Further, last spring, well before the gag rule was drafted, Joe Pfeiffer published “Engaging Homelessness Behind the “Orange Curtain,” a detailed, searing and trenchant critique of the entire “church growth” theology that has driven EFCSW for more than fifty years. The piece exposed its deep-seated roots in defensive white normativity and the preservation of class privilege.
The essay and a detailed Preface were published in Quaker Theology #34, which is available online at no charge here. EFCSW’s legal victory and its aftermath are unlikely to put an end to the searching conversations that article started.
For its part, EFCSW issued a short letter addressed to pastors in its 45 churches, noting the settlement, and underlining its confidentiality. In a possible bow to criticism that may have been evoked by wide attention to the Midway City property grab, Rick Darden, who signed the missive for the Elders, said of EFCSW’s leaders that
“we commit to improving our efforts in communications and relationships among our pastors and churches.
We believe that EFCSW has acted graciously toward the people of FCC Midway City and Joe and Cara Pfeiffer and their foster children in this settlement . . . .”
I couldn’t help it. The cluelessness here forced a laugh.
Here’s the leader of a so-called Christian church, parading his “graciousness” while marking the occasion of the birth of his church’s acclaimed messiah, whose infancy was spent as a homeless refugee, and one of whose commands for salvation was taking in the homeless, by having it coincide with making homeless refugees of one of their own congregations.
Further, Darden & Co. are expelling them from a church which the mostly non-affluent members of built, paid for, and maintained. Their only “crime” (besides wanting to think and speak freely) was trying to help a few of the thousands of homeless people with which Darden’s home county abounds.

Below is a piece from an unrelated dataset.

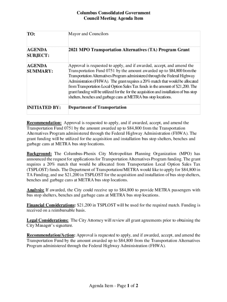 Columbus Consolidated Government Council Meeting Agenda Item TO:Mayor and CouncilorsAGENDA SUBJECT:2021 MPO Transportation Alternatives (TA) Program GrantAGENDA SUMMARY:Approval is requested to apply,

(The last homeless count in Orange County was over 7000 in 2019, up from 4800 when this whole fiasco began. A 2020 count was canceled by Covid, but homelessness is widely assumed to have ballooned with the associated economic crash and its joblessness.)

Darden and EFCSW’s flagship church in upscale Yorba Linda (self-styled as “The Land of Gracious living”) include on their megachurch staff eight staffers assigned to “Marketing,” and a dozen more to a “Creative Team.”
Evidently none of these twenty noticed that both the timing and what political pundits called “the optics” of this expulsion event are, to put it mildly, beyond terrible. After such a move, any EFCSW efforts at “improving [their] efforts in communications and relationships” as Darden’s letter pledged, would seem to be, as the pundits also say, “due for a reset.”
Darden’s letter closed by assuring that EFCSW’s leaders were offering the Pfeiffers and the Midway City Friends their thoughts and prayers.
Of course. As Christians today, it was the least they could do.